● Prompt
The entries below are to be transcribed in full, without their images.

(Records from a dataset)
· · · · · · ·

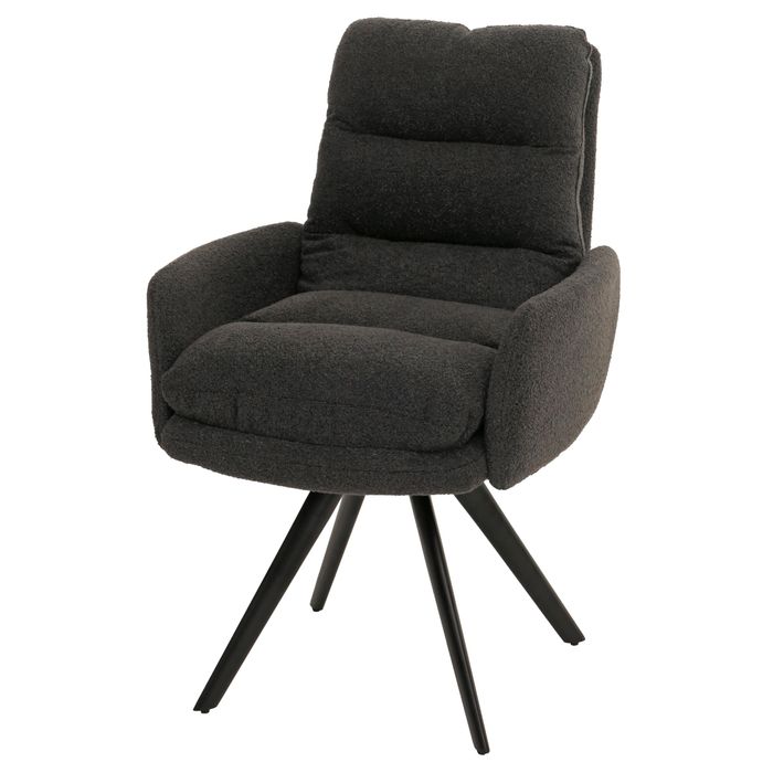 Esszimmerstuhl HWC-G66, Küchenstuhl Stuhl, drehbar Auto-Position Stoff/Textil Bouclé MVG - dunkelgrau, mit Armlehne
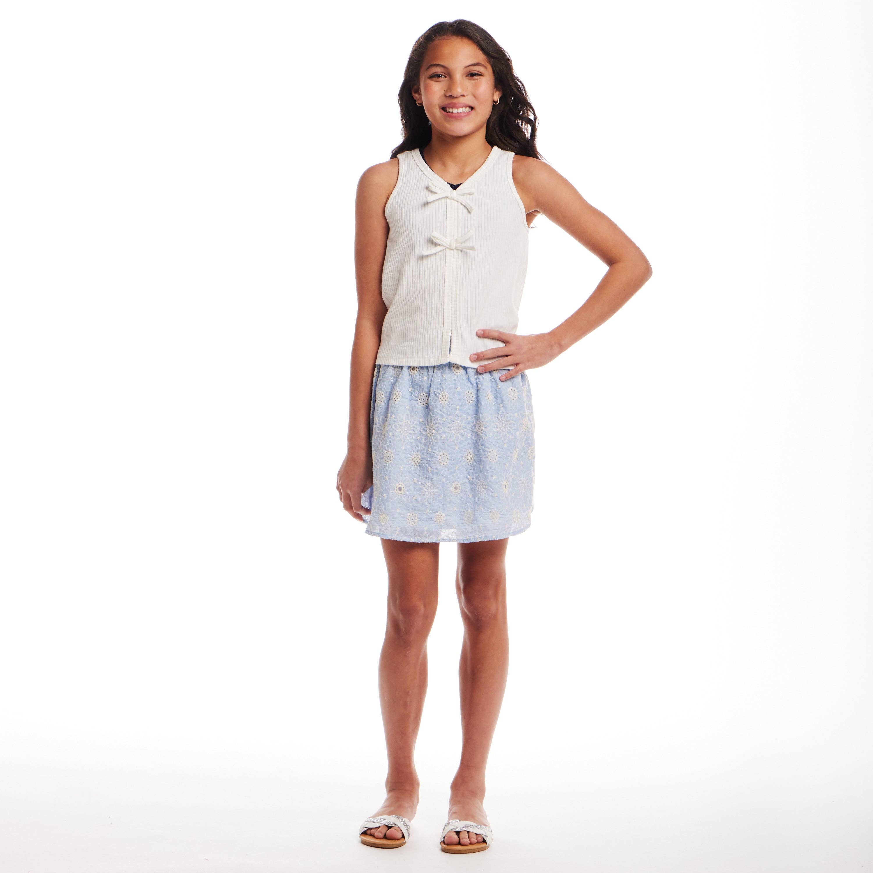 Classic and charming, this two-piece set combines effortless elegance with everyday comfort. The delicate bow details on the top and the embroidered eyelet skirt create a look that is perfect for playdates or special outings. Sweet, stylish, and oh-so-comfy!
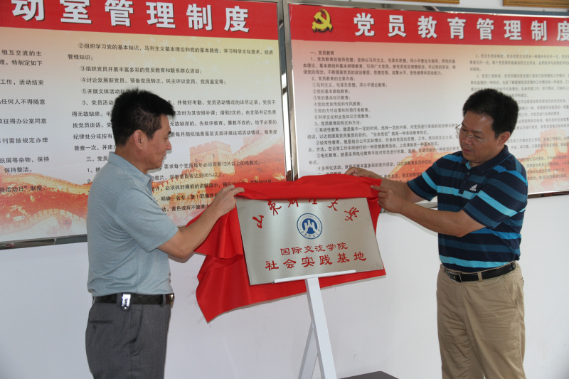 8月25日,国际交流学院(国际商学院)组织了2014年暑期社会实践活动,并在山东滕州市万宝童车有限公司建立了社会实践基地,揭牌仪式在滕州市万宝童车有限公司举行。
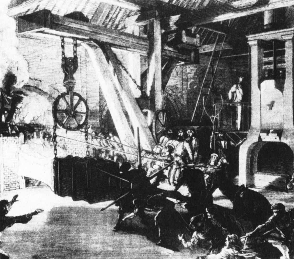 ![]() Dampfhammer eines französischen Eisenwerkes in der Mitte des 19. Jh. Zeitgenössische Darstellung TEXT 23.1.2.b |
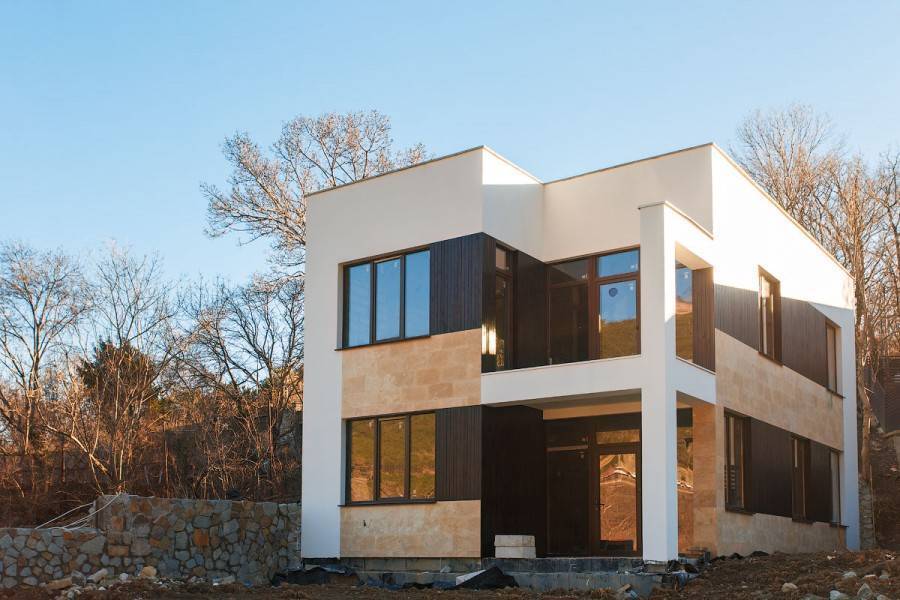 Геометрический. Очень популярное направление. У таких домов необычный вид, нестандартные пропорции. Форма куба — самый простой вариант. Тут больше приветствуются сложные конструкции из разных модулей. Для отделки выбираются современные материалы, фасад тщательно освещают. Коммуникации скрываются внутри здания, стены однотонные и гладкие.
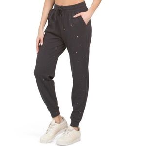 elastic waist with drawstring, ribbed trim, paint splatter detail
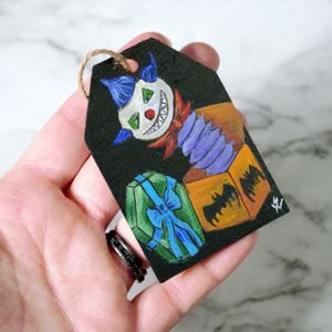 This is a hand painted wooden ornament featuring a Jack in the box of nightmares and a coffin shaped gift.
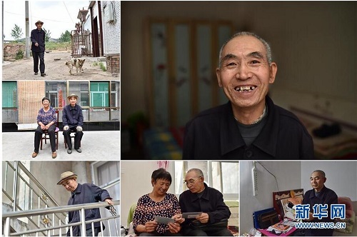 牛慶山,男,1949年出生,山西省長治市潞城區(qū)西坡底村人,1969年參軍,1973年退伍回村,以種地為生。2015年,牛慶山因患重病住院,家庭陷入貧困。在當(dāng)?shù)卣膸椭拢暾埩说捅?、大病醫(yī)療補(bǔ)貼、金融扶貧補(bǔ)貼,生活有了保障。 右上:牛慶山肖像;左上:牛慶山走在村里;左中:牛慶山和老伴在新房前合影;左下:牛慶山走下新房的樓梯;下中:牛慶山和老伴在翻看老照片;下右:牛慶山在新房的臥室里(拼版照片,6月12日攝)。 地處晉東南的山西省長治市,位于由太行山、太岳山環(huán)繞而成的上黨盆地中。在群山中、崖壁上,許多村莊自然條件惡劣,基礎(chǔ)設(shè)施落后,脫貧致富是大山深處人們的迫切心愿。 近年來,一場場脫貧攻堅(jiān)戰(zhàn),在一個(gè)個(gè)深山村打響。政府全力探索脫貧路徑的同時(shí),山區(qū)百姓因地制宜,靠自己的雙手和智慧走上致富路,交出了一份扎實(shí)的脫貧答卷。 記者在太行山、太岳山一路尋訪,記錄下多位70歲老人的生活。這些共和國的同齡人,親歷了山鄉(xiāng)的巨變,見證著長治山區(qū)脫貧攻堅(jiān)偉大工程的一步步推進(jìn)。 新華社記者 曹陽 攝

· · · · · · ·

● Result of the task
 Esszimmerstuhl HWC-G66, Küchenstuhl Stuhl, drehbar Auto-Position Stoff/Textil Bouclé MVG - dunkelgrau, mit Armlehne
 Classic and charming, this two-piece set combines effortless elegance with everyday comfort. The delicate bow details on the top and the embroidered eyelet skirt create a look that is perfect for playdates or special outings. Sweet, stylish, and oh-so-comfy!
 8月25日,国际交流学院(国际商学院)组织了2014年暑期社会实践活动,并在山东滕州市万宝童车有限公司建立了社会实践基地,揭牌仪式在滕州市万宝童车有限公司举行。
 ![]() Dampfhammer eines französischen Eisenwerkes in der Mitte des 19. Jh. Zeitgenössische Darstellung TEXT 23.1.2.b |
 Геометрический. Очень популярное направление. У таких домов необычный вид, нестандартные пропорции. Форма куба — самый простой вариант. Тут больше приветствуются сложные конструкции из разных модулей. Для отделки выбираются современные материалы, фасад тщательно освещают. Коммуникации скрываются внутри здания, стены однотонные и гладкие.
 elastic waist with drawstring, ribbed trim, paint splatter detail
 This is a hand painted wooden ornament featuring a Jack in the box of nightmares and a coffin shaped gift.
 牛慶山,男,1949年出生,山西省長治市潞城區(qū)西坡底村人,1969年參軍,1973年退伍回村,以種地為生。2015年,牛慶山因患重病住院,家庭陷入貧困。在當(dāng)?shù)卣膸椭拢暾埩说捅?、大病醫(yī)療補(bǔ)貼、金融扶貧補(bǔ)貼,生活有了保障。 右上:牛慶山肖像;左上:牛慶山走在村里;左中:牛慶山和老伴在新房前合影;左下:牛慶山走下新房的樓梯;下中:牛慶山和老伴在翻看老照片;下右:牛慶山在新房的臥室里(拼版照片,6月12日攝)。 地處晉東南的山西省長治市,位于由太行山、太岳山環(huán)繞而成的上黨盆地中。在群山中、崖壁上,許多村莊自然條件惡劣,基礎(chǔ)設(shè)施落后,脫貧致富是大山深處人們的迫切心愿。 近年來,一場場脫貧攻堅(jiān)戰(zhàn),在一個(gè)個(gè)深山村打響。政府全力探索脫貧路徑的同時(shí),山區(qū)百姓因地制宜,靠自己的雙手和智慧走上致富路,交出了一份扎實(shí)的脫貧答卷。 記者在太行山、太岳山一路尋訪,記錄下多位70歲老人的生活。這些共和國的同齡人,親歷了山鄉(xiāng)的巨變,見證著長治山區(qū)脫貧攻堅(jiān)偉大工程的一步步推進(jìn)。 新華社記者 曹陽 攝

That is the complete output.